Finding an old obituary can be a bit challenging, but a number of resources are available. You have the option of searching online or using off-line sources to find the information you need.
Sources for Finding Old Obituaries
If the death occurred fairly recently, you may be able to find the person's obituary posted online. A search for "obituary + online" will give you more than 900,000 hits. Here are a few examples of sites that post obituaries online at no charge: Free Obituaries Online offers an extensive list of links to online resources for obituaries. Site visitors can will find links to sites from:
- United States
- England, Ireland and Scotland
- New Zealand
You can also access a number of obituary databases for specific family names.
Another option from finding a past obituary online is to visit FuneralNet.com. Simply type the last name of the person you are looking for into the search box and a list of names (including date and location of death) will appear. Clicking on a name will take you directly to that individual's obituary.
Memorial Online also publishes obituaries online. Having the month and year of death will help to narrow down the search results, but it is possible to conduct a search with the person's name only.
Visit the Web site for the newspaper serving the area where the person died. You may be able to access their online obituary archives for a small fee or you may need to actually subscribe to the online version of the newspaper to access the death notices.
Searching for Obituaries Off-line
If you have completed your online search and are having still trouble finding a past obituary, then you still have the option of using off-line resources.
Your local library may be able to help you access archived newspapers on microfiche. If you know the approximate date of death, this information will help you narrow down your search.
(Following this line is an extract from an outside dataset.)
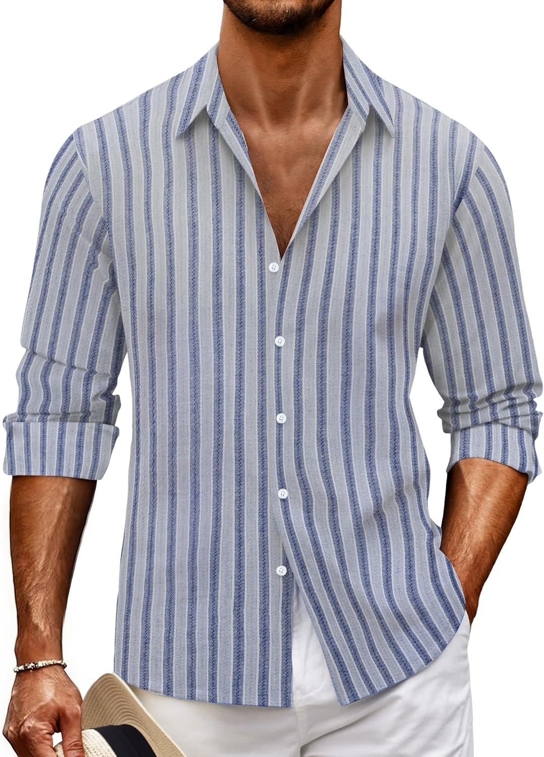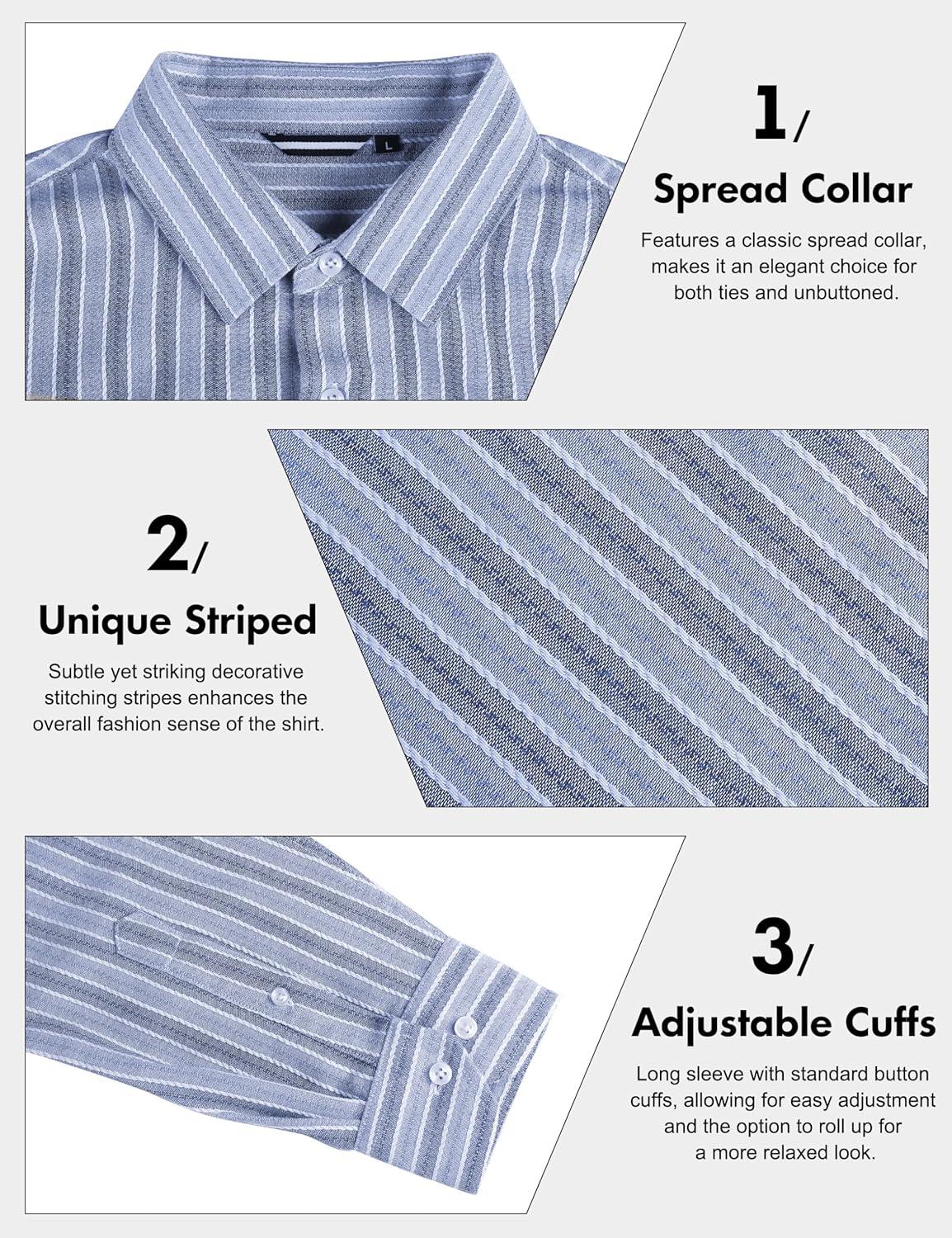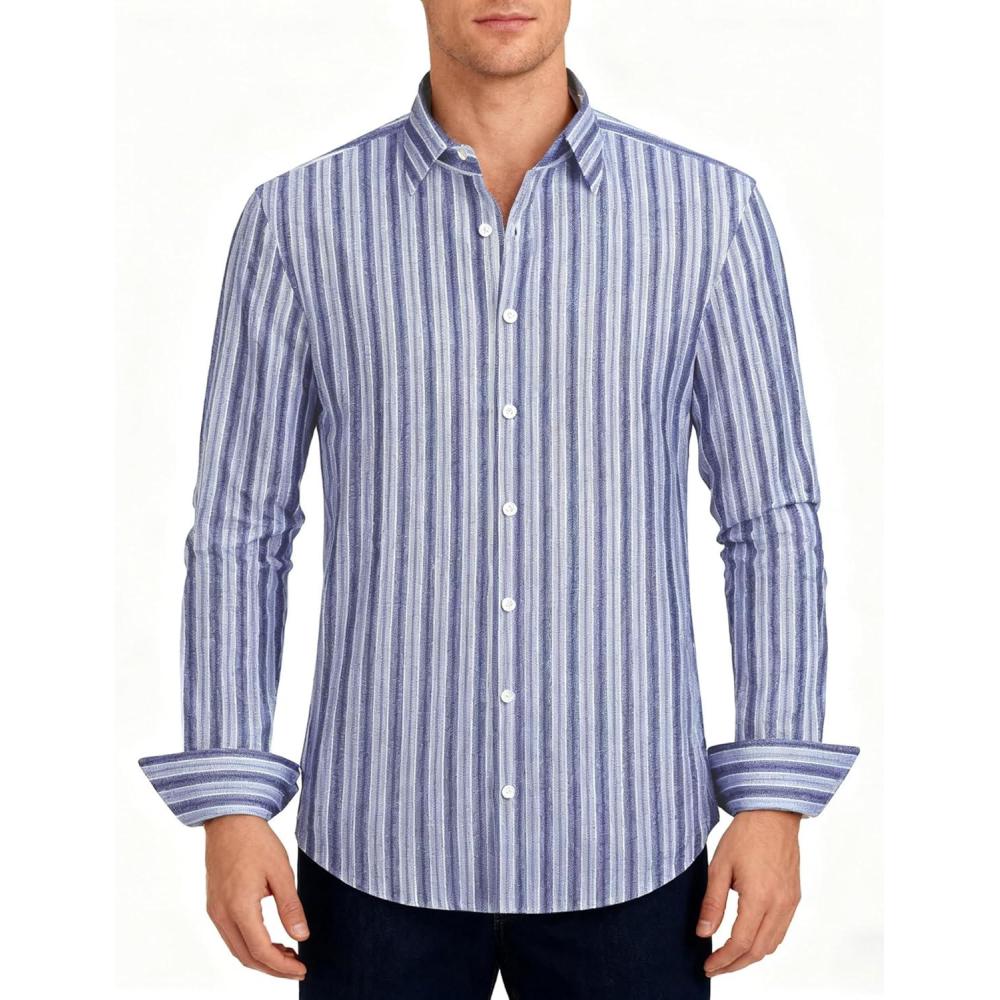 Save big on Lzzidou Men’s Striped Button Down Shirt Cotton Blend Long Sleeve Collared Dress Shirts for Business Work Office Casual Date(Blue) and accessories during our BOGO sale. Buy one, get one 50% off!

The librarian can help you find the records you are looking for and you will be able to print out a copy once you find the obituary you are looking for.
If you are looking for an obituary in a different area and you are unable to travel there to search for records, the local historical or genealogical society may be able to help. When you contact one of these organizations, provide them with as much information as possible about the person's obituary. Since it is possible for two people to have similar names, you will want to include:
- The deceased's full name (and maiden name if applicable)
- Date of birth
- Place of birth
- Date of death
- Place of death
- Next of kin (spouse and/or children)
Some historical societies charge a fee to conduct a record search. If the one you contact does not charge a fee, at least offer to provide payment to cover the cost of gas and photocopying records.
The funeral home that handled the person's final arrangements may also be able to help you locate an obituary. Once again, you will need to provide as much information as possible, since this information would be provided to you as a courtesy. You may need to prove that you are a family member to receive this information, depending on the privacy laws in the jurisdiction where you are conducting your search.
Finding a past obituary may take some time, but with the many resources available, you have a very good chance of finding this information. Once you have the obituary in hand, you can add it to your personal records or use it to fill in some blanks on your family tree.